_The problem_: Write the entries below out again exactly, but skip the pictures.

Entries taken from a collection
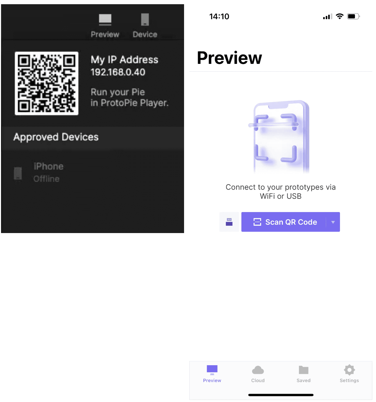 1. 通过扫描二维码连接 ProtoPie Player
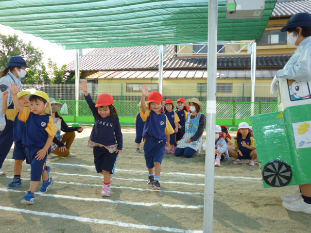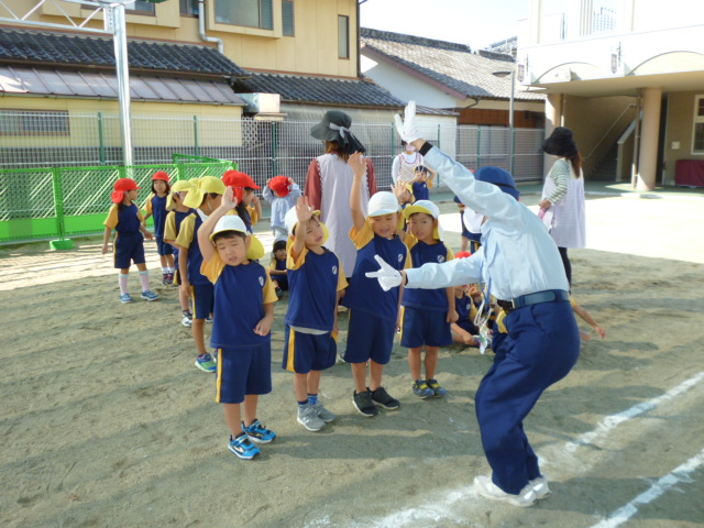 3歳以上児のももぐみ、うめぐみ、ゆりぐみの交通安全教室がありました。
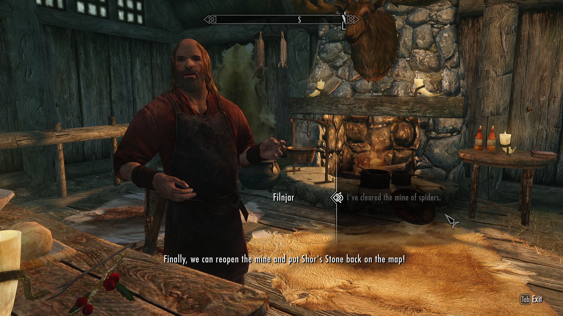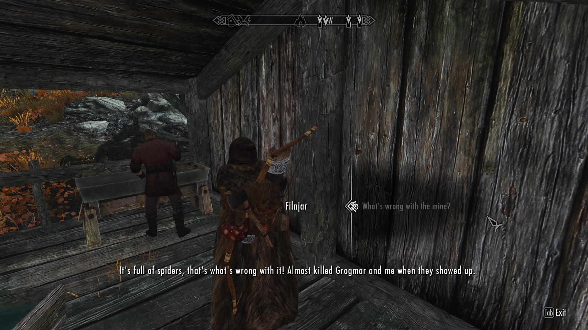 But when the war began, all that changed.  Rangers were recruited by both sides in order to fill the ranks with experienced archers and scouts, and the wilderness cabins were abandoned.  Riften sent guards to Shor’s Stone to help protect the mine after the rangers were drafted into the army, but now with the murders at the watchtower, there are only two or three guards left.  Their numbers are clearly inadequate to protect even this small village, given that a wild beast invaded someone’s home and spiders took over the mine.  In addition, there have been persistent rumours that bandits have taken over a nearby fortress.  The blacksmith is certain that it’s just a matter of time before Shor’s Stone falls to some combination of hostile forces.
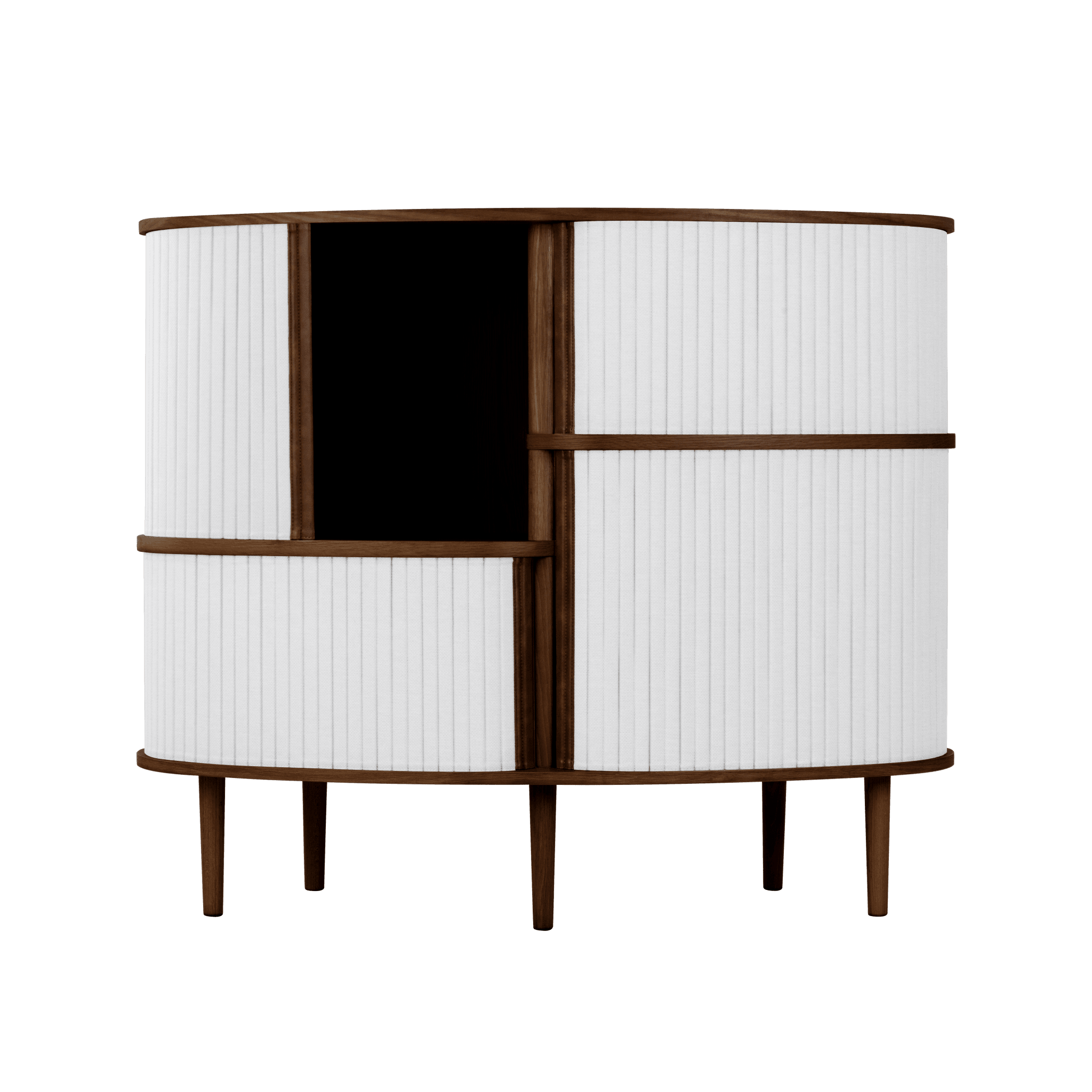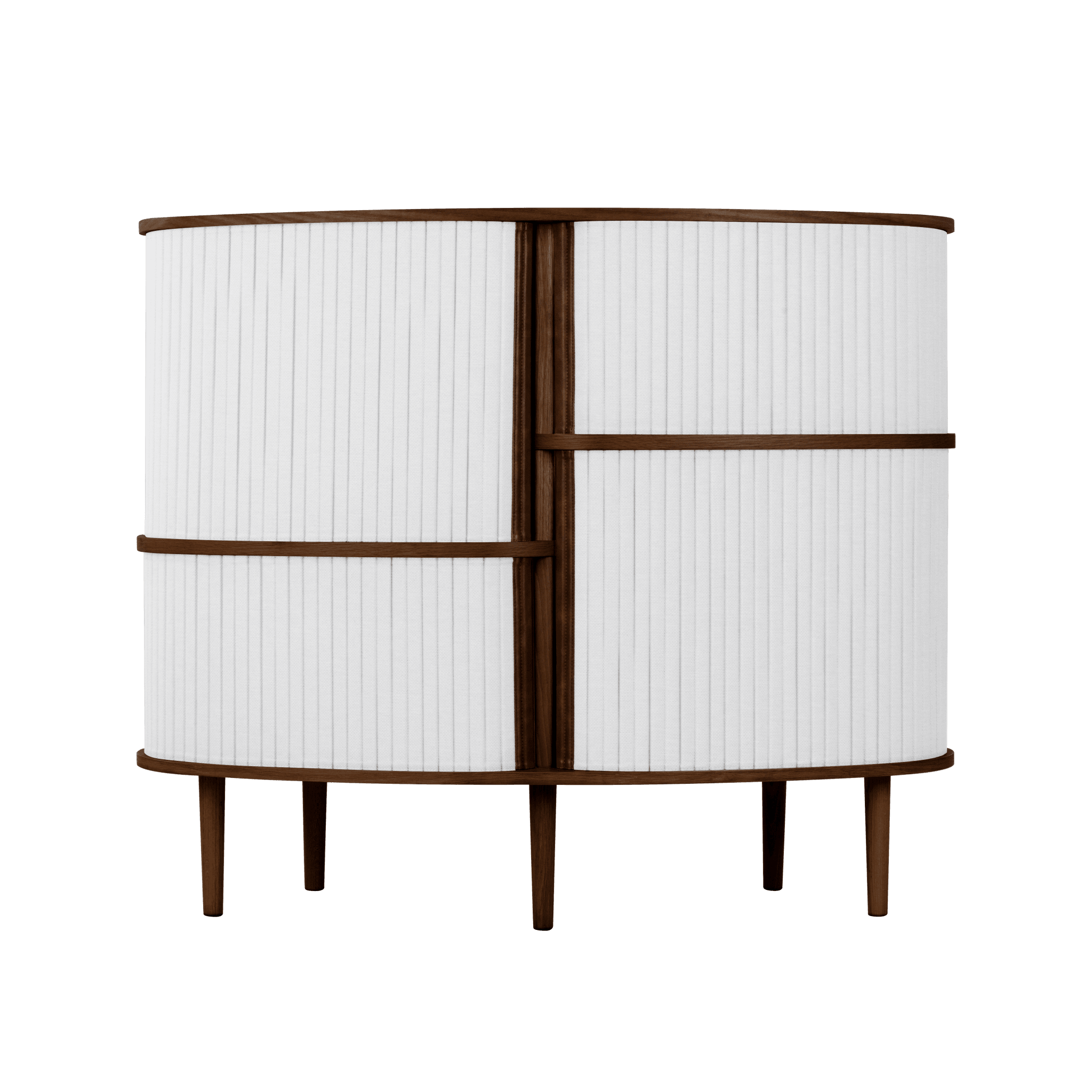 Kast is beschikbaar in twee kleuren: eiken en donker eiken, en de jaloezieën zijn verkrijgbaar in vier standaardkleuren van de Horizons-stof, die voor 100% uit gerecycled materiaal bestaat.
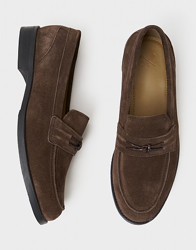 Knot Detail Suede Loafers in Brown
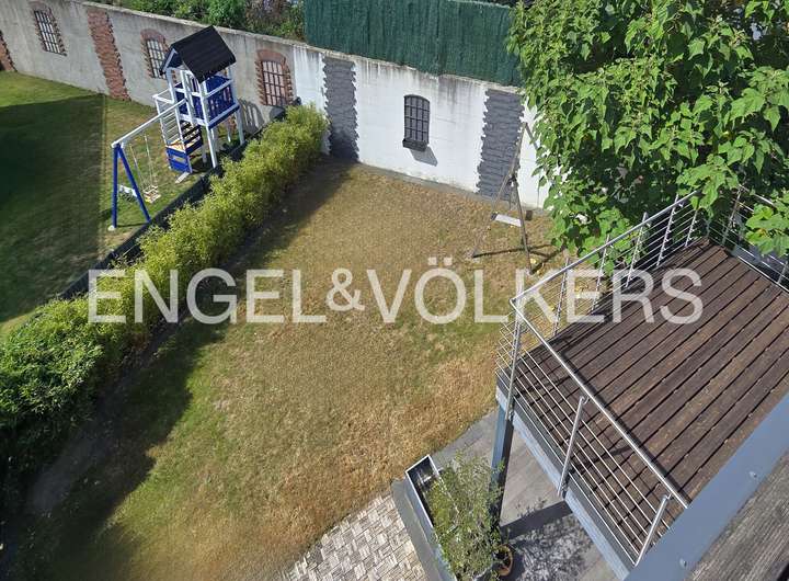 Im Obergeschoss erwarten Sie drei helle Schlafzimmer, alle mit bodentiefen Fenstern, ein Tageslichtbad mit Dusche und Wanne sowie ein Hauswirtschaftsraum, der als Wasch- und Bügelzimmer genutzt wird. Von zwei der drei Schlafzimmer gelangen Sie zudem auf einen großzügigen Balkon, der einen herrlichen Blick in den Garten bietet.
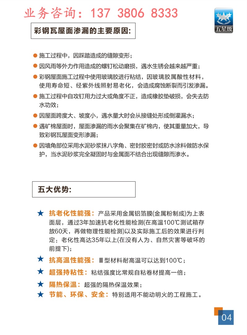 采用特殊的化学共混改性沥青为基料,提高自粘卷材的粘结性能和耐高温性能。高温指标达100℃,粘结强度较普通自粘卷材提高80%。并以金属铝箔为覆面,提高了隔热、抗老化、防水一体化,大大延长彩钢瓦的使用寿命和彩钢屋面防水难题。
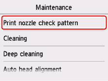 6. Valige Prindi pihusti kontrollmuster (Print nozzle check pattern).

_Result of the exercise_:
 1. 通过扫描二维码连接 ProtoPie Player
 3歳以上児のももぐみ、うめぐみ、ゆりぐみの交通安全教室がありました。
 But when the war began, all that changed.  Rangers were recruited by both sides in order to fill the ranks with experienced archers and scouts, and the wilderness cabins were abandoned.  Riften sent guards to Shor’s Stone to help protect the mine after the rangers were drafted into the army, but now with the murders at the watchtower, there are only two or three guards left.  Their numbers are clearly inadequate to protect even this small village, given that a wild beast invaded someone’s home and spiders took over the mine.  In addition, there have been persistent rumours that bandits have taken over a nearby fortress.  The blacksmith is certain that it’s just a matter of time before Shor’s Stone falls to some combination of hostile forces.
 Kast is beschikbaar in twee kleuren: eiken en donker eiken, en de jaloezieën zijn verkrijgbaar in vier standaardkleuren van de Horizons-stof, die voor 100% uit gerecycled materiaal bestaat.
 Knot Detail Suede Loafers in Brown
 Im Obergeschoss erwarten Sie drei helle Schlafzimmer, alle mit bodentiefen Fenstern, ein Tageslichtbad mit Dusche und Wanne sowie ein Hauswirtschaftsraum, der als Wasch- und Bügelzimmer genutzt wird. Von zwei der drei Schlafzimmer gelangen Sie zudem auf einen großzügigen Balkon, der einen herrlichen Blick in den Garten bietet.
 采用特殊的化学共混改性沥青为基料,提高自粘卷材的粘结性能和耐高温性能。高温指标达100℃,粘结强度较普通自粘卷材提高80%。并以金属铝箔为覆面,提高了隔热、抗老化、防水一体化,大大延长彩钢瓦的使用寿命和彩钢屋面防水难题。
 6. Valige Prindi pihusti kontrollmuster (Print nozzle check pattern).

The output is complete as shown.